╭──
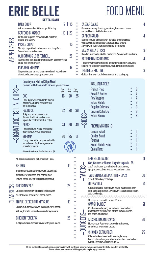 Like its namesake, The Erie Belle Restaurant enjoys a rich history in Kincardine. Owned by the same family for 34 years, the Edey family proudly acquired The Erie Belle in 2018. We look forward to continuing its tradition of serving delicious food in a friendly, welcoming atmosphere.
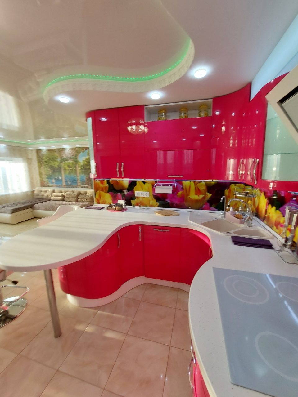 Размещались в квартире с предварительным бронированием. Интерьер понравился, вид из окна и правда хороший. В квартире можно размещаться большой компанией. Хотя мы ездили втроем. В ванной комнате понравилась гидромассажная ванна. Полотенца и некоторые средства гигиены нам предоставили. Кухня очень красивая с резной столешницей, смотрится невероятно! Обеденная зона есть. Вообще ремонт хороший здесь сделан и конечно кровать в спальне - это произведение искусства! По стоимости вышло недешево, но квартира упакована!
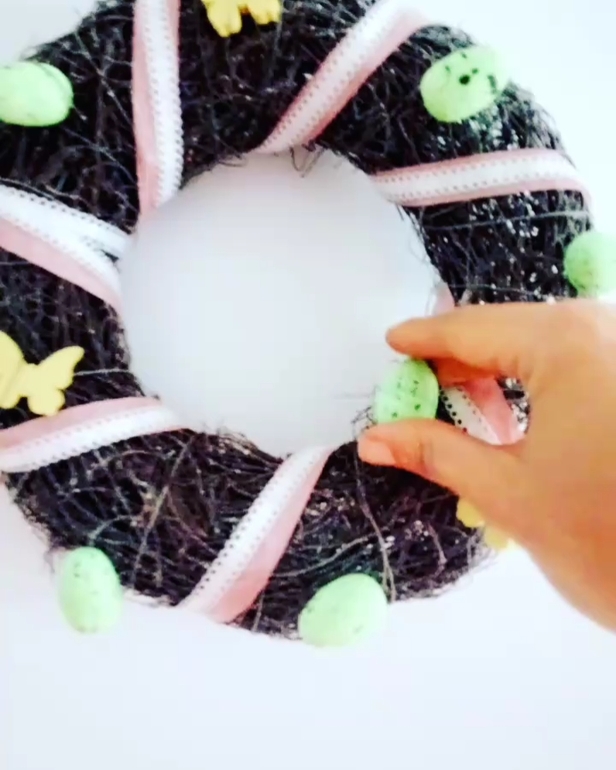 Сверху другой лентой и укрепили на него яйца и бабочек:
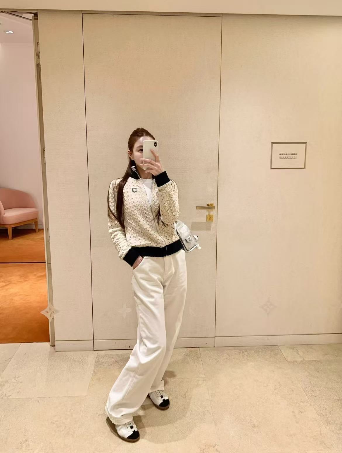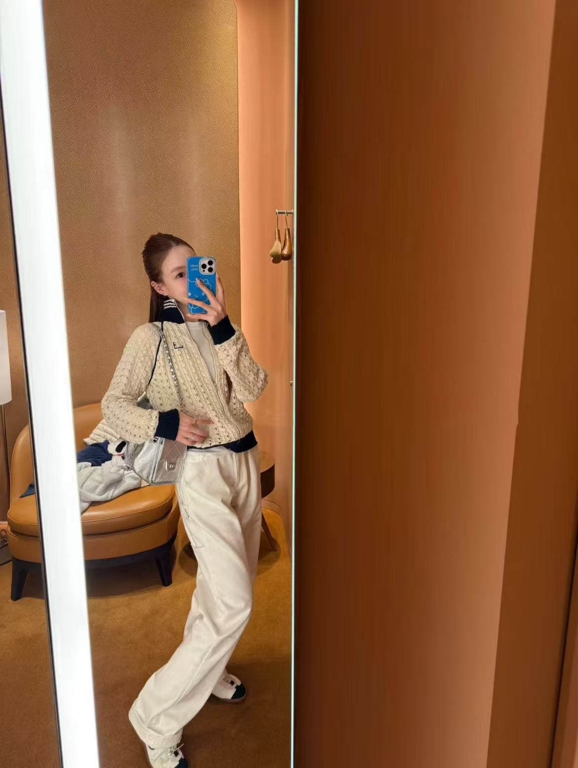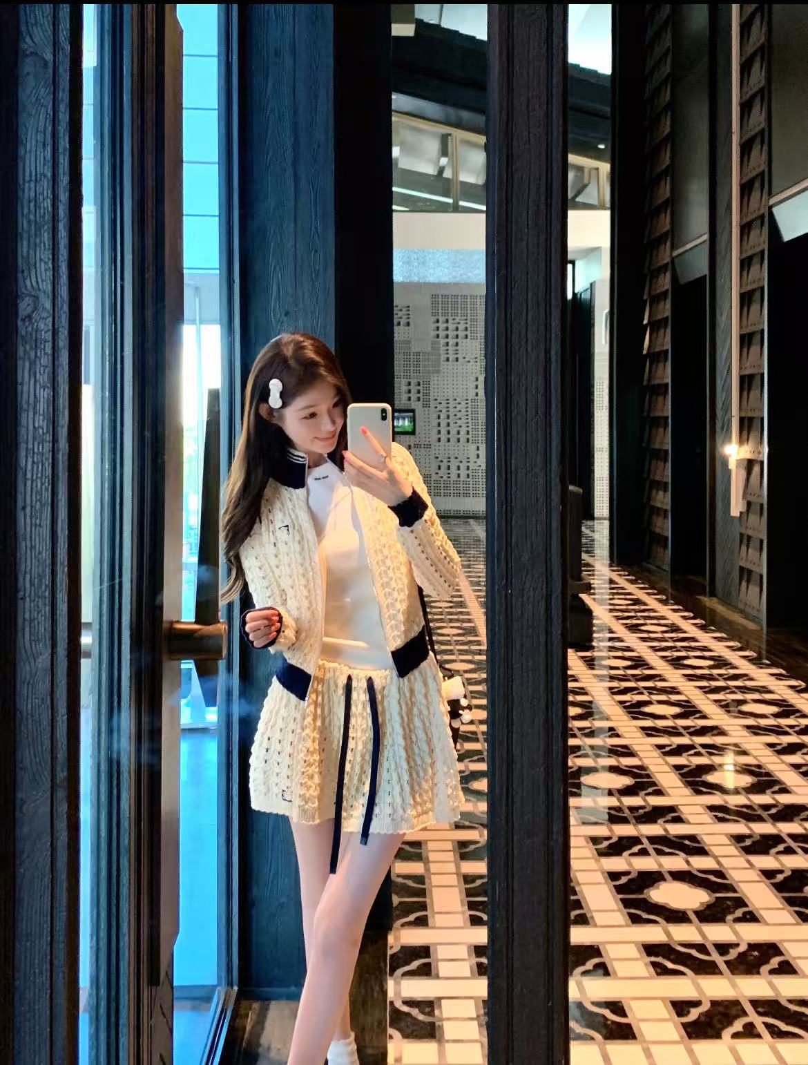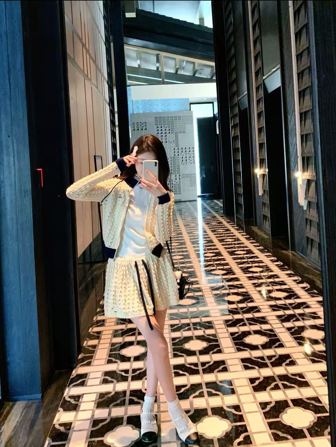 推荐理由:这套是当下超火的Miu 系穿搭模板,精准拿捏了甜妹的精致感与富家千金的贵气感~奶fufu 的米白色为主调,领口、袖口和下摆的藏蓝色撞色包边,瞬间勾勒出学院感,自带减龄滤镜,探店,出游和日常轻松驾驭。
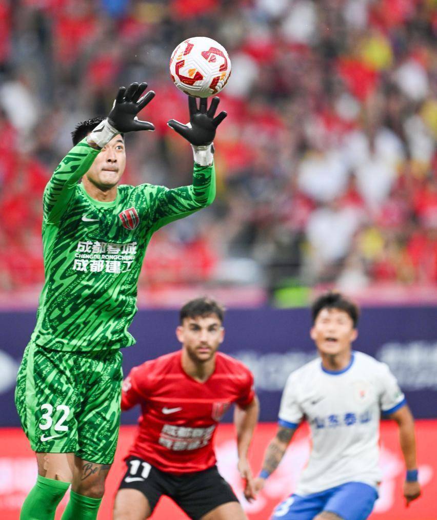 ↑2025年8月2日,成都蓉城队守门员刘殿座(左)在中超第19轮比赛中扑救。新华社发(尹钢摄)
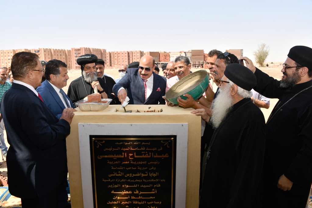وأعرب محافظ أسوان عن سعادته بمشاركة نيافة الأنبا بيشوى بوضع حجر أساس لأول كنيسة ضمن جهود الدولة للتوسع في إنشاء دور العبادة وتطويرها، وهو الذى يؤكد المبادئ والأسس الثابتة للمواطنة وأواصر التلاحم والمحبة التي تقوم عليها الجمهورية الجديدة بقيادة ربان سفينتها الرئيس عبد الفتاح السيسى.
╰──
--- What you have to do ---
Give back the material above word for word; no picture belongs in it.

--- Output of the exercise ---
 Like its namesake, The Erie Belle Restaurant enjoys a rich history in Kincardine. Owned by the same family for 34 years, the Edey family proudly acquired The Erie Belle in 2018. We look forward to continuing its tradition of serving delicious food in a friendly, welcoming atmosphere.
 Размещались в квартире с предварительным бронированием. Интерьер понравился, вид из окна и правда хороший. В квартире можно размещаться большой компанией. Хотя мы ездили втроем. В ванной комнате понравилась гидромассажная ванна. Полотенца и некоторые средства гигиены нам предоставили. Кухня очень красивая с резной столешницей, смотрится невероятно! Обеденная зона есть. Вообще ремонт хороший здесь сделан и конечно кровать в спальне - это произведение искусства! По стоимости вышло недешево, но квартира упакована!
 Сверху другой лентой и укрепили на него яйца и бабочек:
 推荐理由:这套是当下超火的Miu 系穿搭模板,精准拿捏了甜妹的精致感与富家千金的贵气感~奶fufu 的米白色为主调,领口、袖口和下摆的藏蓝色撞色包边,瞬间勾勒出学院感,自带减龄滤镜,探店,出游和日常轻松驾驭。
 ↑2025年8月2日,成都蓉城队守门员刘殿座(左)在中超第19轮比赛中扑救。新华社发(尹钢摄)
وأعرب محافظ أسوان عن سعادته بمشاركة نيافة الأنبا بيشوى بوضع حجر أساس لأول كنيسة ضمن جهود الدولة للتوسع في إنشاء دور العبادة وتطويرها، وهو الذى يؤكد المبادئ والأسس الثابتة للمواطنة وأواصر التلاحم والمحبة التي تقوم عليها الجمهورية الجديدة بقيادة ربان سفينتها الرئيس عبد الفتاح السيسى.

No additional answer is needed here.